Per la ex chiesa di San Lorenzo si tenta la cordata della rinascita
La Fondazione di Piacenza-Vigevano incontra il Demanio, ma ci sono anche Nicolini, Fondazione Prati-Ronconi, Diocesi Piacenza Bobbio

Patrizia Soffientini
|5 mesi fa

Piacenza non può rinunciare alla ex Chiesa di San Lorenzo. E non vuole lasciare scadere la concessione demaniale che consente di utilizzare e di far vivere questo notevole complesso sconsacrato di via del Consiglio. Dopo un lungo fermo, la sua rinascita risale in quota. Ed ecco che si profila il volenteroso intervento di una “cordata” piacentina per riprendere il progetto di restauro là dove si è interrotto e al contempo garantire che le procedure demaniali permettano di proseguire su questa strada.
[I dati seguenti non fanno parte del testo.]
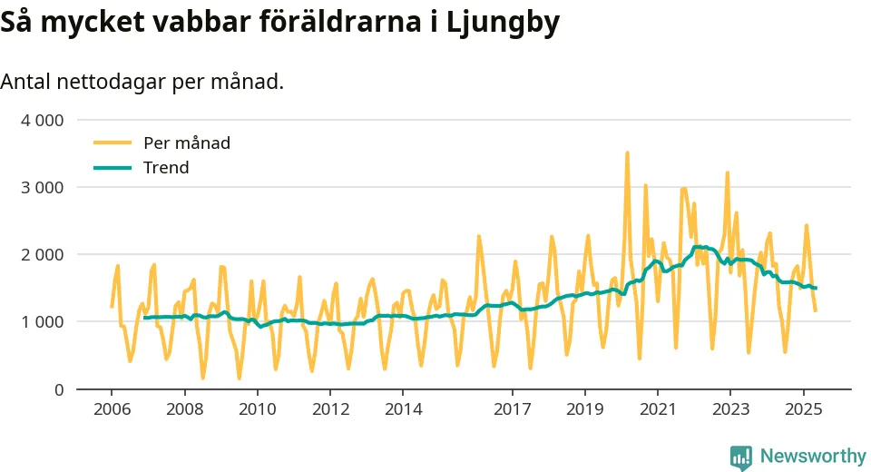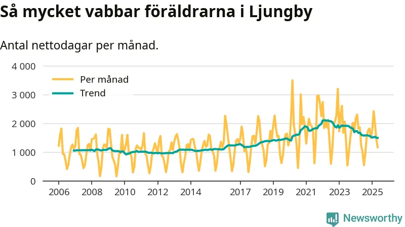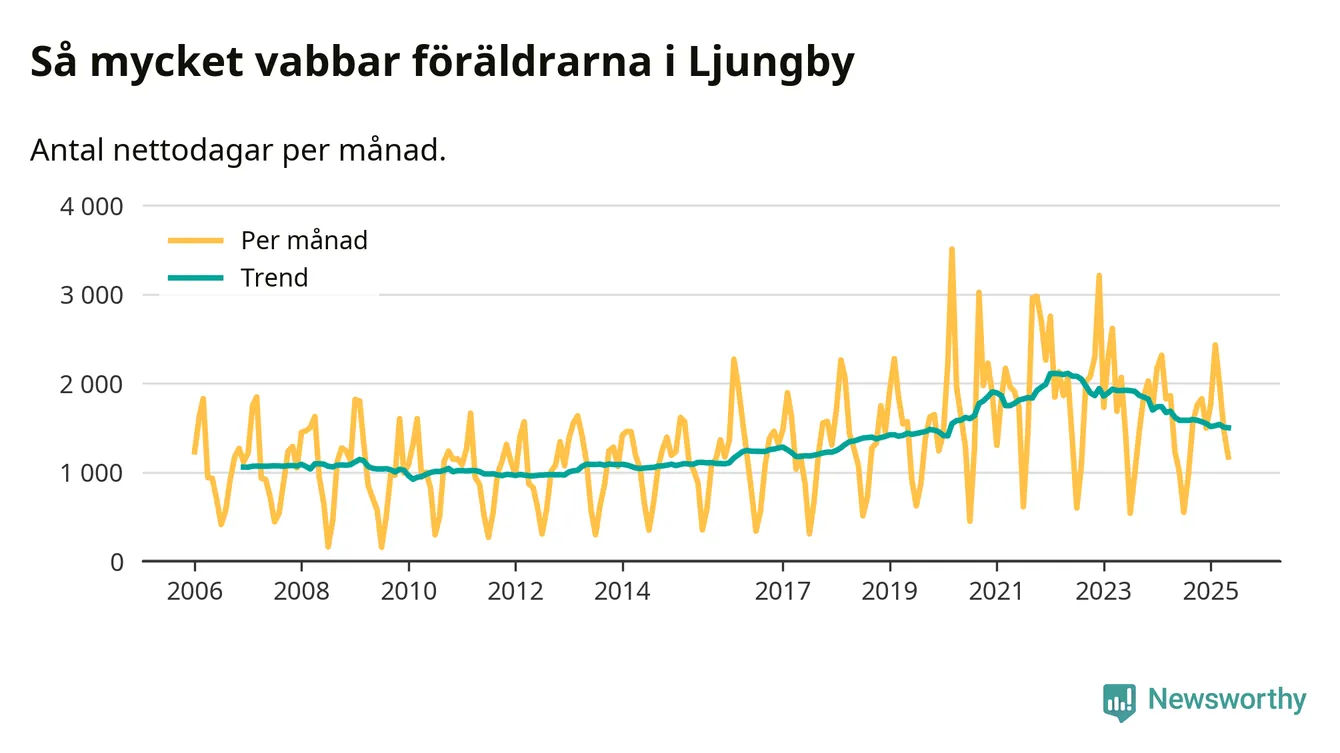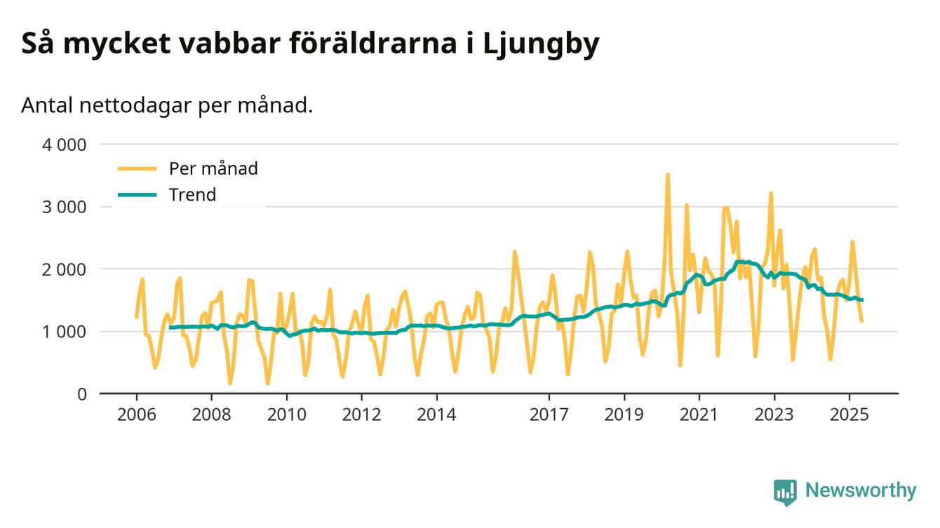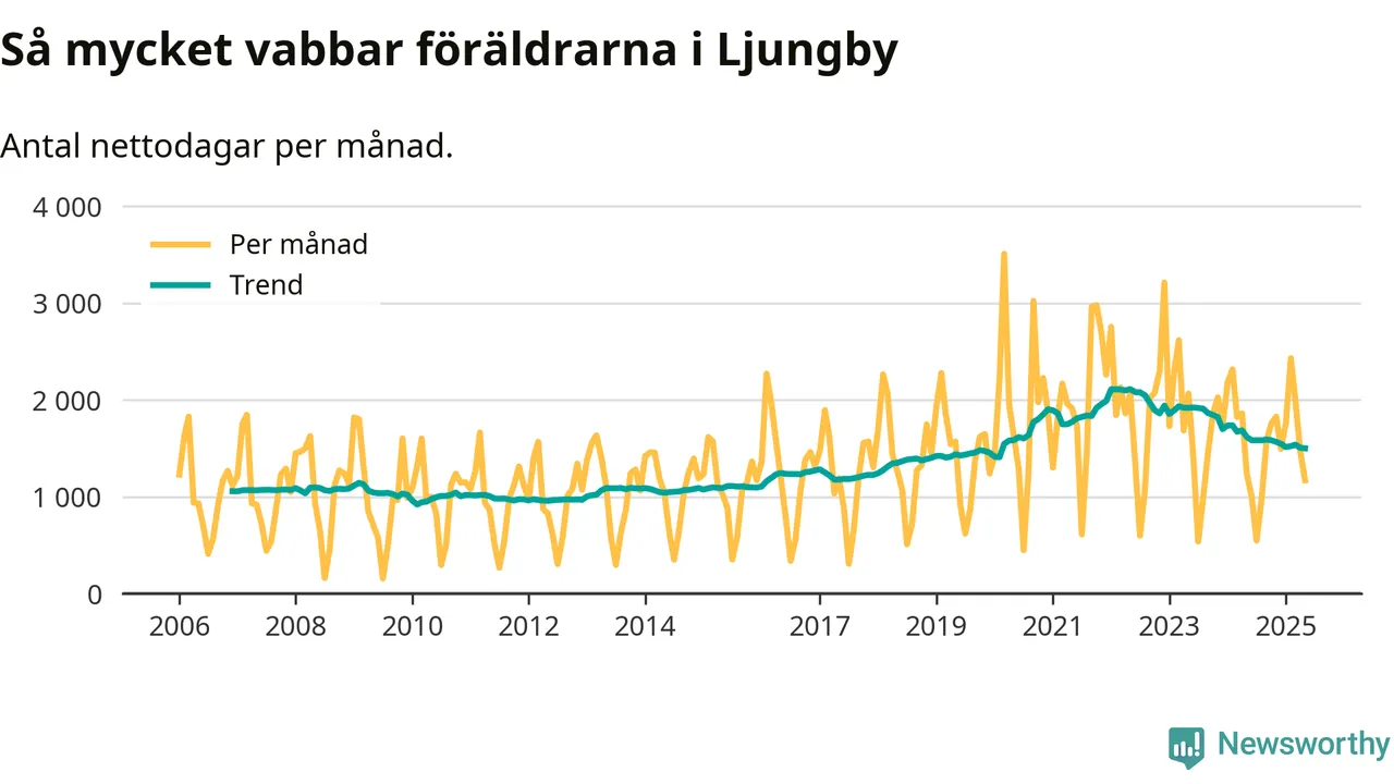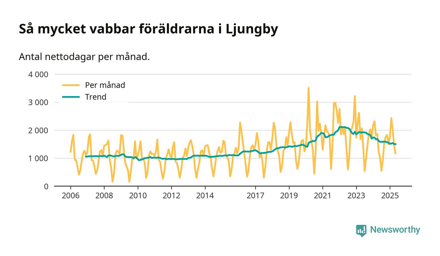 När coronapandemin drog in i mars 2020 peakade antalet vabbdagar både i Ljungby kommun och i riket som helhet. Under de senaste två åren har vabbuttaget börjat minska igen.

C’è stato un primo incontro recente, ma lunedì la Fondazione di Piacenza e Vigevano - conferma il presidente Roberto Reggi - ha chiesto un confronto, che avverrà nella sede di via Sant’Eufemia, con il direttore regionale del Demanio, Cristian Torretta, dovrebbe essere presente anche la funzionaria Stefania Torelli, che si occupa del fronte di Parma e Piacenza.
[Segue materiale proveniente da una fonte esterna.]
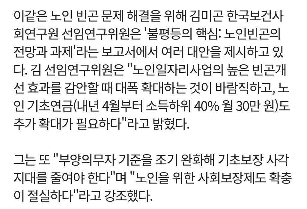 노인들의 경제상황, 특히 빈곤층 노인들의 경제상황은 심각함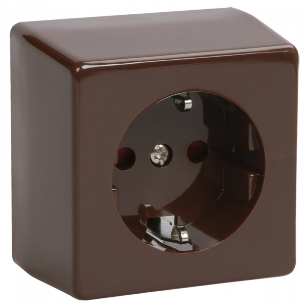 Розетка IEK БРИКС 1-мест. в сборе с корпусом с З/К откр. уст-ки16А 250В со шторками IP20 коричн.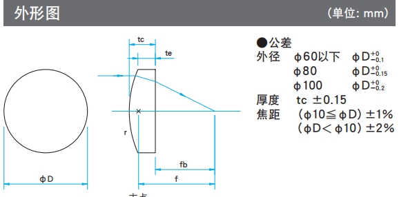 ?有從可見光到近紅外用的BK7材料的透鏡,和可用于350nm以下紫外光的高激光損傷閾值的合成石英透鏡,和適用于ArF(193nm)和KrF(248nm)的準分子激光用合成石英透鏡,這三種類型。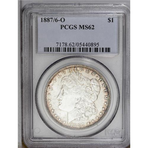 <B>1887/6-O<img border='0' src='http://www.heritagecoins.com/images/star.gif' width=10 height=10>$1> MS62 PCGS.</B></I> VAM-3. A Top 100 Variety. An issue that is scarce in all grades, here represented by a bright, satiny example with speckled russet and sea-green toning about the stars and lettering. The strike is above average for this widely collected overdate. <BR><BR><B>Important notice:</B> Heritage usually auctions material at the rate of 200-250 lots per hour. On some occasions eBay Live bid software or the Internet may not be able to keep up with the pace of the auction. We recommend placing a realistic absentee bid now as insurance to avoid disappointment. Occasionally the auctioneer may eliminate or reject an eBay Live bid, and the auctioneer may also reopen a lot after the close of the eBay live bidding (usually because we missed an audience bid), and may reject your bid even if it shows you as the winning bidder. By bidding via eBay Live, you agree that Heritage may award the lot to another bidder at its sole discretion under the circumstances described above or any other reasonable circumstances. Since eBay bids are not shown to us until we open the lot on the floor, we treat those bids just like floor bids. In most cases the floor responds before the eBay bid is presented to us, due to Internet lag time, so for consistency we have made it a policy that floor bids are always considered first over tie eBay live bids. Also please note that all Heritage lots purchased through eBay Live carry a 20% Buyer's Premium. Please make sure you read the Terms and Conditions before you bid. This lot is being auctioned in conjunction with a live floor auction by Heritage Galleries & Auctioneers. All final auction and invoice information will be supplied by Heritage Galleries & Auctioneers, and all other information should be considered preliminary. Lot:3479 <BR><BR><B>Winning Notification and Billing:</B> After the FINAL session in this auction is complete, Heritage will send e-mail and snail mail invoices. This process normally takes several days. All final auction and invoice information will be supplied by Heritage Galleries & Auctioneers, and all other information should be considered preliminary. <BR><BR>This auction will be conducted on a live auction floor and over the Internet through eBay Live. If you choose to place an absentee bid, please take a moment to <font color='#0000ff'><u><a href='http://pages.ebay.com/liveauctions/help/before/laabsentee.html'>learn how eBay Live absentee bidding works</a></u></font><font color='#000000'>

Al tavolo siederanno Massimo Trespidi, presidente del Conservatorio Nicolini, Alessandro Miglioli, presidente della Fondazione Enrica Prati e Donatella Ronconi, Manuel Ferrari, responsabile dell’Ufficio Beni culturali della Diocesi di Piacenza Bobbio, vale a dire i soggetti disposti a spendersi su questo progetto e di valutarne la fattibilità.